The food was on the table; bacon, sausages, tomatoes, potato bread and two eggs – all fried as he liked it and now coagulating on my dad’s plate. Mother sat across from me at the table, hands tidily on her lap; mine stuffed in the pocket of my sweatshirt making bigger the hole already there. Where is he?
For an hour, maybe two, we sat like dead fish frozen into an icy lake and still he did not come. Beyond the window of the kitchen, light was being sucked slowly out of the day and finally the grey gloom of evening started to invade the room. A fear was beginning to gnaw at me and although my mother had moved not an inch during that time I regarded the subtle change in her manner with growing panic.
The eyes that for so long had scorched her resentment into my soul had taken on the look of a hibernating tortoise reluctant to accept the onset of its awakening. They were dead eyes to match the dead words that finally slunk out from in between her teeth, “Now are you happy?”

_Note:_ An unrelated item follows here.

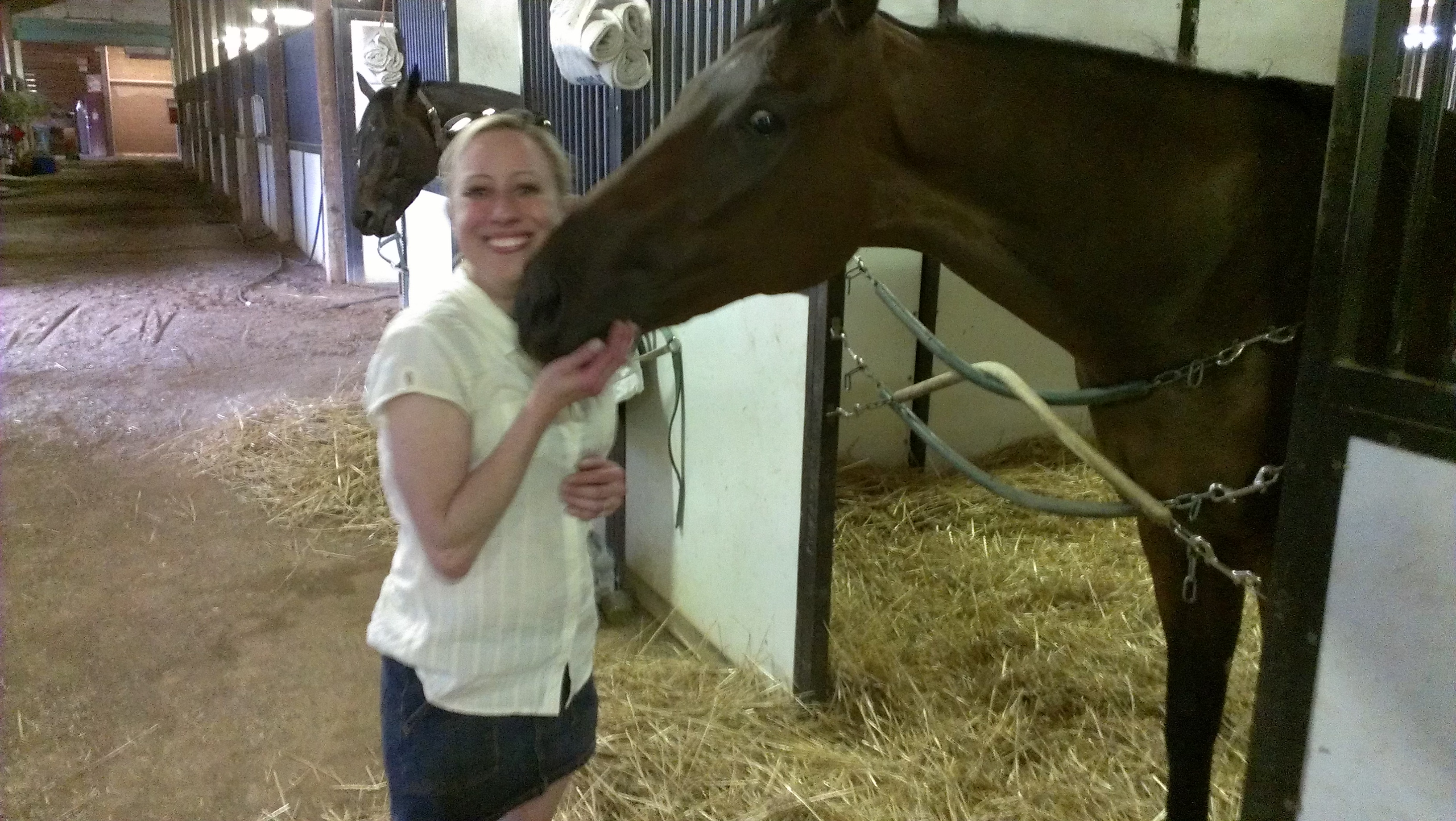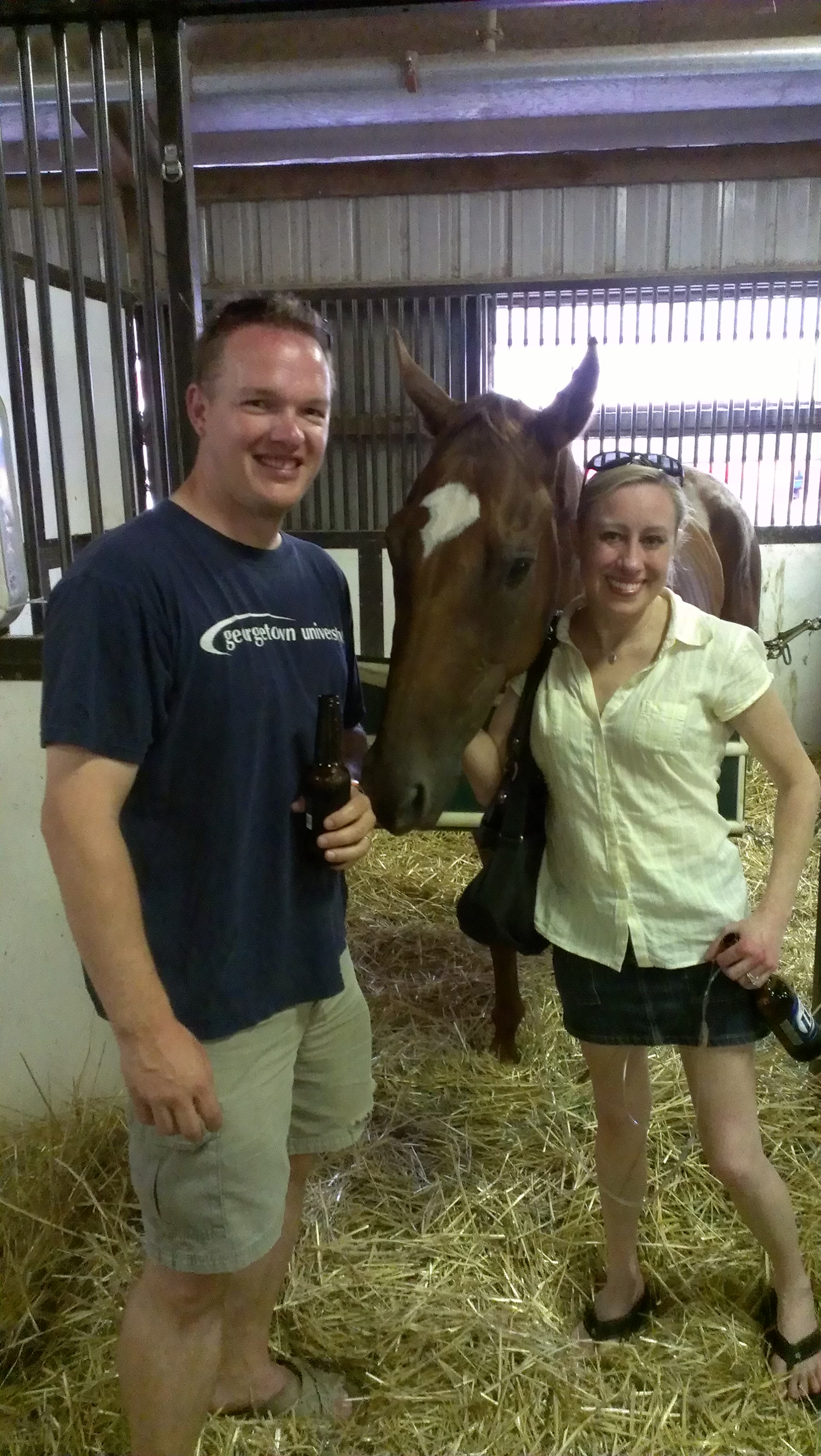 On Sunday, we went to Canterbury Park. One of our friends owns a horse that was racing. Last year, he won this same race and we got our picture taken in the winners circle. There was no such luck this year as he finished in 3rd place. Afterwards we hung out in the stables for a little while.

My father never did come back to his wife or to me. One of my sisters said afterwards that he could no longer play the gooseberry in his marriage and I asked her, on a piece of paper, what she meant. All she did was tear it up and slap me hard across the face; meanwhile seeping through the walls of the next room I could hear my mother’s breath like an old clock ticking out the remainder of its time.
She won the game in the end, of course, as I always guessed she would. The mystery to me was how it had taken so long for her to figure the solution out. From then on she never spoke to me again and right up until her death some years later the silent retribution she exacted upon me was fitting to my crime finally proving her worth as an adversary after all.
When I returned to our wordless house after the funeral I knew that this last silence would probably see the end of me too for after all there was no sport in continuing to play the game on my own. Earlier that same day one of the family had been clearing out the kitchen drawers and cupboards, unearthing a deluge of obsolete paperwork that lay discarded in a corner waiting for final eviction to the bin. Among the pile was a dog-eared, faded blue file with my name scribbled across the front in mother’s childish handwriting and, curious, I had picked it up.
Inside, carefully organised by date, were several hundred official documents concerning my case including appointment letters and professional correspondences offering varied and diverse diagnoses on my condition.
It was in some ways touching how she’d kept those indictments for all that time and I store them now inside a box in her room where these days I seem to spend most of my time. The letters are a comfort in this soundless world of mine and sometimes I will take them out just to smell her soaped fingers lingering there with the memory of her touch.
But every now and then you might find me press my lips to the paper secretly whispering my regrets in a voice gravelled from lack of use, the sound strangely hostile to my ears. In a funny sort of way, I suppose I owe her that much.